Изучая официальные акты 1534–1548 гг., я обратил внимание на необычную фразу в конце некоторых грамот. Так, в жалованной грамоте Ивана IV игумену Троице-Сергиева монастыря Никандру на безмытную торговлю в г. Переславле крестьян монастырского села Нового (Ростовского уезда) от 5 октября 1543 г. сказано: «К сей грамоте яз, князь великий, велел и печать свою путную приложити»[1400]. В известных мне более ранних документах выражение «путная печать» не встречается. Необычно и то, что упомянутая жалованная грамота скреплена не красновосковой печатью, как это было принято в XVI в. для этого типа документов, а желтовосковой. Вот как издатели «Актов исторических» описали эту печать: «…приложена небольшая желтовосковая печать, на которой приметен стоящий человек с простертой рукою; надпись кругообразная стерлась, и печати уцелел только отрывок»[1401]. Обращение к подлиннику[1402] ничего не прибавляет к этому описанию: за прошедшие с момента издания грамоты сто шестьдесят с лишним лет сохранность печати только ухудшилась.
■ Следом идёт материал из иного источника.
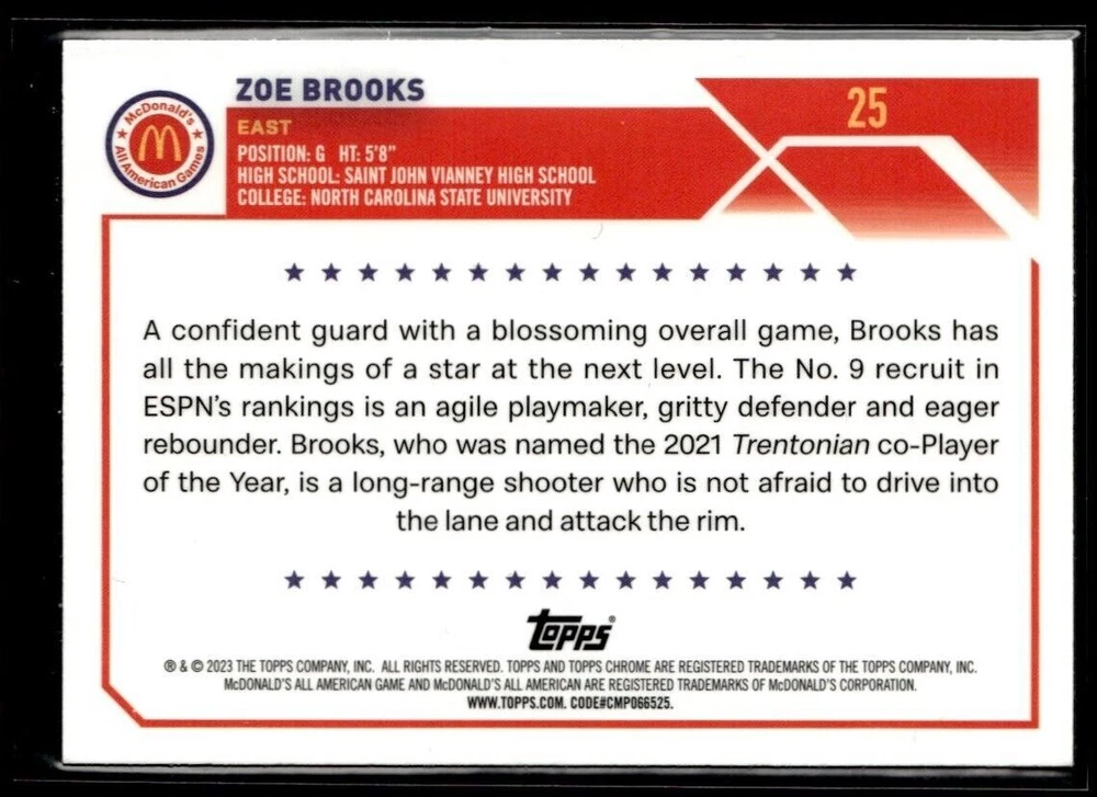 2023-24 TOPPS CHROME ZOE BROOKS MCDONALD'S ALL AMERICAN #25

Следующее по времени упоминание путной печати относится к марту 1544 г., когда троицкому игумену Никандру была выдана великокняжеская жалованная льготная грамота по случаю постройки вокруг монастыря каменной ограды. Поскольку грамота сохранилась только в списках XVII в., каким было изображение на печати, мы не знаем; известно только, что печать была «на черном воску»[1403]. Путная печать была приложена также к жалованной несудимой грамоте Ивана IV от 1 августа 1544 г., и вновь ее получателем был Троице-Сергиев монастырь. Как и в предыдущем случае, судить о внешнем виде печати мы не можем: грамота сохранилась только в списках[1404].

Путной печатью была скреплена и грамота на беспошлинный провоз монастырских запасов, которой Иван IV пожаловал 15 марта 1545 г. троицкого игумена Никандра[1405]. Хотя эта грамота дошла до нас в подлиннике, но печать не сохранилась: остался только след черного воска[1406].

Зато на основании упомянутых четырех грамот можно предложить правдоподобное объяснение самому термину «путная печать»: для этого нужно обратить внимание на место издания документов. Первая из интересующих нас грамот — от 5 октября 1543 г. — «писана на Волоце»[1407]; вторая (от 17 марта 1544 г.) «писана у Троицы в Сергиеве монастыре»[1408]; там же, «у Троицы в Сергееве монастыре», написаны третья (от 1 августа 1544 г.)[1409] и четвертая (от 15 марта 1545 г.)[1410] грамоты. Важно, что все эти документы были выданы не в Москве. Таким образом, можно предположить, что путная печать была атрибутом походной канцелярии Ивана IV: в частности, она сопровождала государя во время поездок на богомолье, в данном случае — в Троице-Сергиев монастырь.

Это предположение подтверждается при обращении к следующему документу — жалованной обельно-несудимой и заповедной грамоте, которую Иван IV, находясь «у Троицы в Сергиевом монастыре», выдал 3 октября 1546 г. игумену Ионе. Печать, названная «путной», на подлиннике грамоты не сохранилась: остался только ее след, позволяющий судить о том, что печать, видимо, была черновосковой[1411]. В данном случае известно и имя дьяка, выдавшего грамоту: на склейке имеется надпись: «дьяк Василей Григорьев», — речь идет о Василии Григорьевиче Захарове Гнильевском[1412].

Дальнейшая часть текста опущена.